この感想は、「ゲーム機」として、というよりも、あくまで「ネット家電」としての評価である。そして、ユーザー層がある程度限られる(ゲームファンだけだし、だいたい男の子ばかりだし)ために、売上げとして他を圧倒するわけではないかもしれないが、「おもてなし」的に見ると、機能の統合がユーザー向けによくできたスグレモノ、と思うワケである。

Xboxの「真の敵」とは? : Tech Mom from Silicon Valley

もちろんXBOX360は"ゲーマーへ向けた"おもてなしに特化した戦略を採っているので、その点でこの見方はその通りだとおもう。ただし、これは「ゲーマーとしての視点」であって、「ネット家電」としての視点ではないのじゃないだろうか。

「ゲーマーにもっと良い体験を」のスローガンに元にゲーム業界はどんどんコアゲーマー向けに先鋭化していき、それについて行けない人はどんどん脱落していった。"ゲームをする人のためのゲーム業界"になってしまった、それが2~3年前の日本。そういった、ゲームで遊ぶ人が特定層へ先鋭化する事に対する危機感へのカウンターとして出てきたのがDSとWiiな訳です。

XBOX360は"ゲーマー"へ向けた「おもてなし」に特化しているし、それはいわば「わかるひとにはわかる」世界ともいえる。でも、コアゲーマーじゃ無い人への「おもてなし」をゲーム業界がやっちゃいけないって事はないよね?っていうのがWiiのコンセプトだ。この2つを「ゲーマーへ向けたおもてなし」で評価すれば、そりゃXBOX360が優れているのは明らかなんだけど、それは「おもてなし」の範囲を狭く取りすぎてるんじゃないかな。

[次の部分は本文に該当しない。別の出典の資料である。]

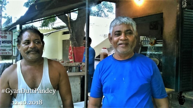 बिल्कुल देसी दिखने वाले भाई हैं। देसी परिवेश। पर उनके बिजनेस सेंस पर तो किसी मैनेजमेण्ट संस्थान में भाषण दिया जा सकता है। मैं तो प्रभावित हो गया उनसे। जहां इस पूर्वांचल में हर व्यक्ति सरकारी नौकरी तलाश रहा है, वहां इस विश्वकर्मा परिवार का मिठाई-नमकीन व्यवसाय बहुत आकर्षक लगा।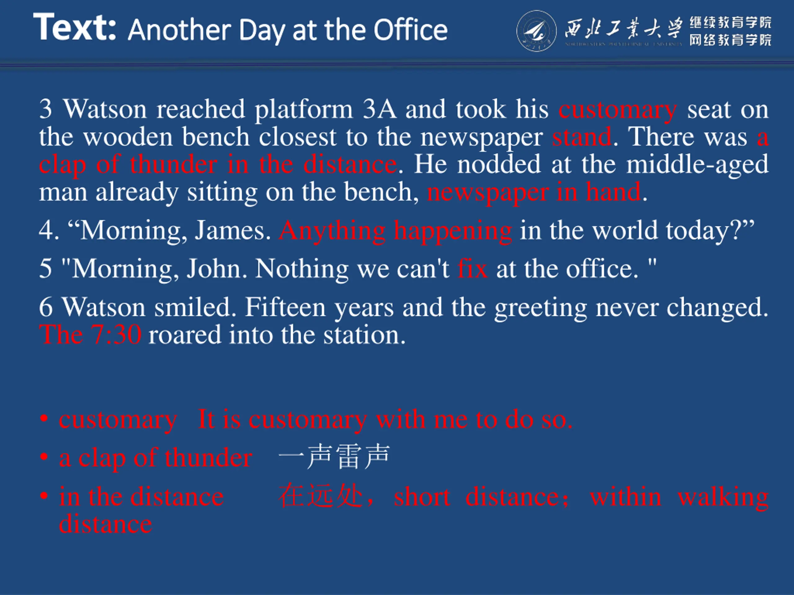 Text: Another Day at the Office Another Day at the Office 3 Watson reached platform 3A and took his customary seat on the wooden bench closest to the newspaper stand. There was a clap of thunder in the distance. He nodded at the middle-aged man already sitting on the bench, newspaper in hand. 4. Morning, James. Anything happening in the world today? 5 "Morning, John. Nothing we can't fix at the office. " 6 Watson smiled. Fifteen years and the greeting never changed. The 7:30 roared into the station. customary It is customary with me to do so. a clap of thunder in the distance short distance within walking distance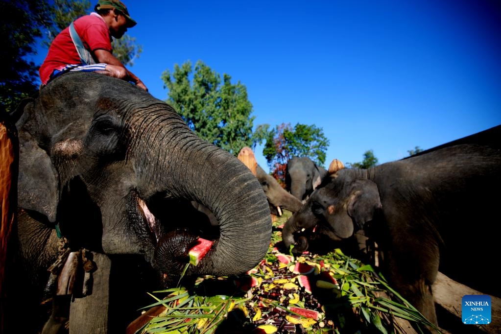 Elephants eat fruit and vegetables at the Wingabaw Elephant Camp in Bago region, Myanmar, on Jan. 7, 2022. (Xinhua/U Aung)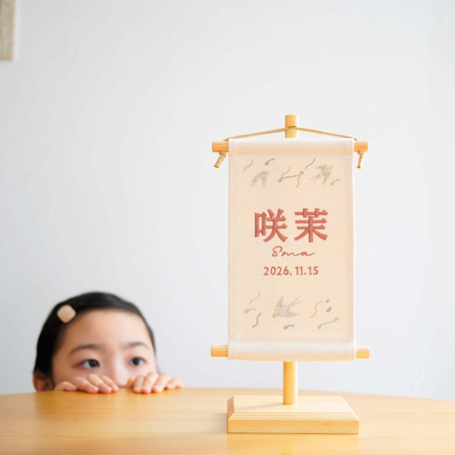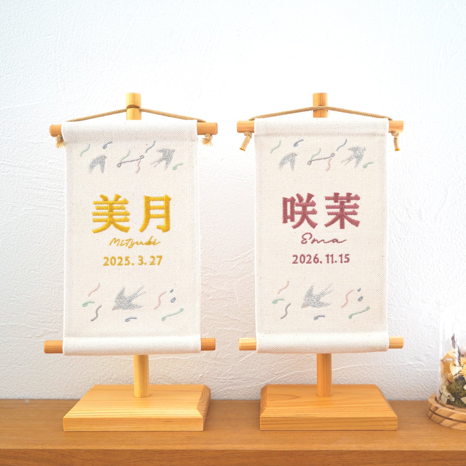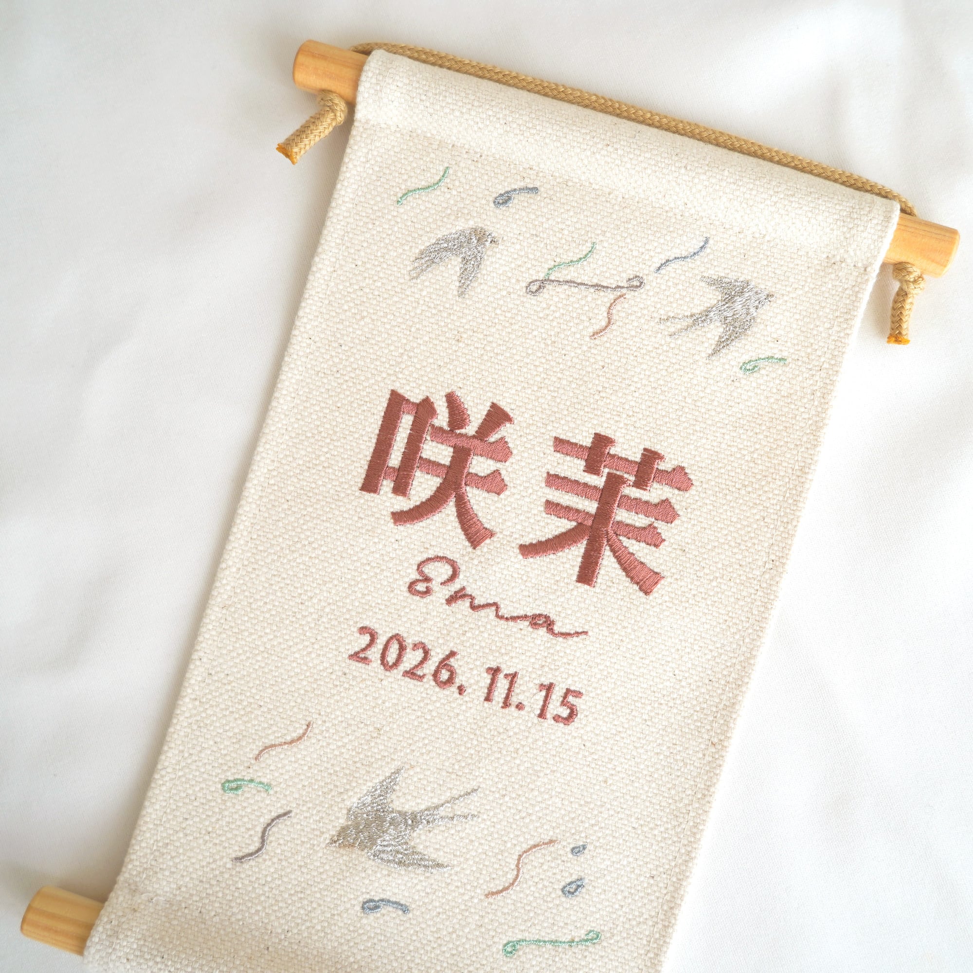 お子さま命名刺繍タペストリー ( スタンド付) エクリュ / つばめ柄|命名旗 |命名書|名入れ刺繍|国産良質素材|遠州浜松産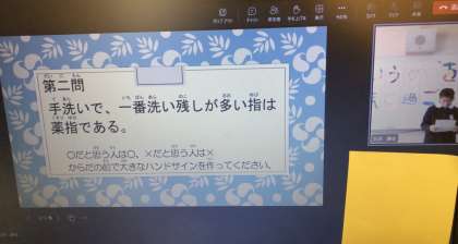 手洗いうがいに関するクイズでは、難問もありましたがとても分かりやすく解説してくれました。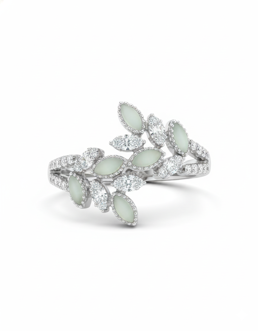 The elegance continues down the shoulders with a slender pavé-set diamond band, adding a continuous flow of light to the design. Crafted in high-polished yellow gold, the warm metal provides a stunning contrast to the vivid green of the emerald and the icy brilliance of the diamonds. This ring is a perfect choice for an unconventional engagement, a May birthday, or a luxurious milestone gift.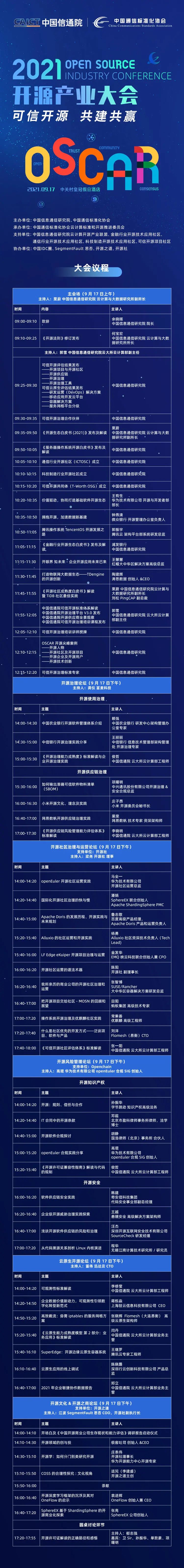 2021年9月,中国信息通信研究院和中国通信标准化协会联手举办'2021 Oscar开源产业大会',聚焦开源技术在中国的发展,关注企业治理、生态建设与标准制定,业界专家将深入讨论开源文化与商业实践,以及首个《操作系统开放生态白皮书》等成果发布。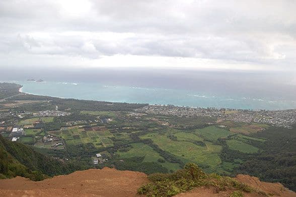 Standing at that pinnacle, two urges overwhelm me. One, to stand in quiet, subdued awe. The other, to make like an opera singer and fill my lungs to bursting so they can pipe my ecstasy into the valley below, and as my voice reaches a trilling crescendo, I leap, swoop and soar out over the all-encompassing glory of East Oahu. Over the wide beaches and farmlands of Waimanalo, along the stretching Kailua coastline, out to the jutting Kaneohe peninsula, and over to the right, lifting above the majestic Koko Crater and hovering over the ocean marina and channels that finger their way into the Hawaii Kai landscape. My inner singer fills my head as I gaze. I never took opera lessons and I don’t have hang gliding equipment, so I simply stand in mute awe.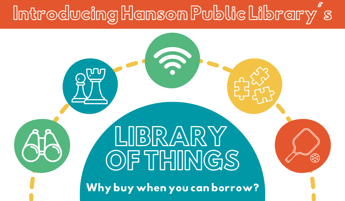 Why buy when you can borrow! Explore the Hanson Public Library’s new Library of Things, a collection of non-traditional items to help patrons learn, play, and grow! The collection includes Mobile Hotspots, Roku Streaming Sticks, Metal Detectors, Educational Kits, Yard Games, Board/Card Games, Jigsaw Puzzles, Cricut Joy, Tools, and more!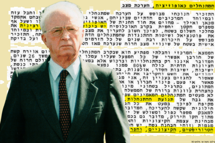 מסמכים שהגיעו לידי ערוץ 20 ומתפרסמים כאן לראשונה חושפים את היחס הקשה, הזרות, הפחד והתיעוב מפני ציבור המתנחלים ותומכיהם בימין הישראלי. מדובר בדיונים בתוך המעגל הפנימי של ראש הממשלה רבין, שנכחו בהם אנשים כמו איתן הבר, אבי בניהו ועמוס גלעד, בימים שלפני יישום הנסיגה מעזה ויריחו במסגרת הסכמי אוסלו.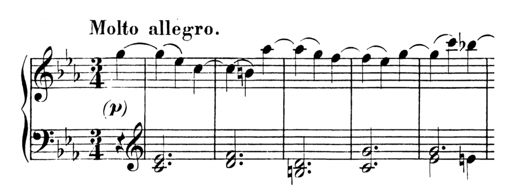 Заголовок говорится смело октав , дважды встречается в первые 8 барах. Субъект не остается сильным до перехода , при котором открывающий мотив взят на октаву выше, а масштаб -типа прохода модулирует ключ к относительно крупной , E ♭ главный. Во втором сюжете есть несколько очень изящных мелодий, поддерживаемых басом Альберти , которые продолжаются до второй половины произведения. В этом разделе для формирования разработки используются материалы по первому и второму предметам . Самая нестабильная секция по гармонии, проходит в тональности до мажор., Фа минор , соль минор и возвращение к исходной партии до минор. Перепросмотр происходит от бара 100 до 168, на этот раз второй объект находится минор вместо Е-бемоль мажор экспозиции, и Coda заканчивает кусок от бара 168 до 185.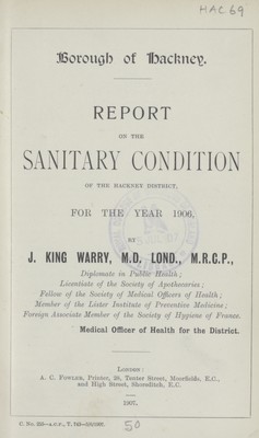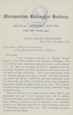 Credit: [Report of the Medical Officer of Health for Hackney]. Source: Wellcome Collection.

という前提に立てば、XBOX360とXBOX Live!がサービスとして優れているとするのは、とっても「ゲーム機」的な視点あるいは「ゲーマー」的な視点の評価に思えるし、「ネット家電」と評するにはXBOX360はゲームに特化しすぎてる気がしてちょっとはばかられるのだよなぁ。そのうち米国でもコアゲーマーへの先鋭化が進んで、ユーザー層の偏りと縮小が起こるんじゃないだろうか(米国でもWiiが売れているっていうことは、すでにそういったステージに入ってきてるのかもしれないけど)。

ちなみにWiiの戦略では「家族」がフィーチャーされることが多いけど、それはいわばプロパガンダのための「釣りエサ」みたいなものなんですよね。イメージをわかりやすく形作るための。

実際の所は、プレイヤー一人一人に割り当てられるフレンドコードを友達どうして登録しあい、インターネットを通じていつでも呼びかけ→対戦という遊び方が盛り上がっているし、世界中のプレイヤーを相手にしたランダムバトルが日夜繰り広げられてます。

つまりどういうことかと言うと、マリオカートのWi-Fi対戦がおもしろすぎて寝られないぜ!と言うお話。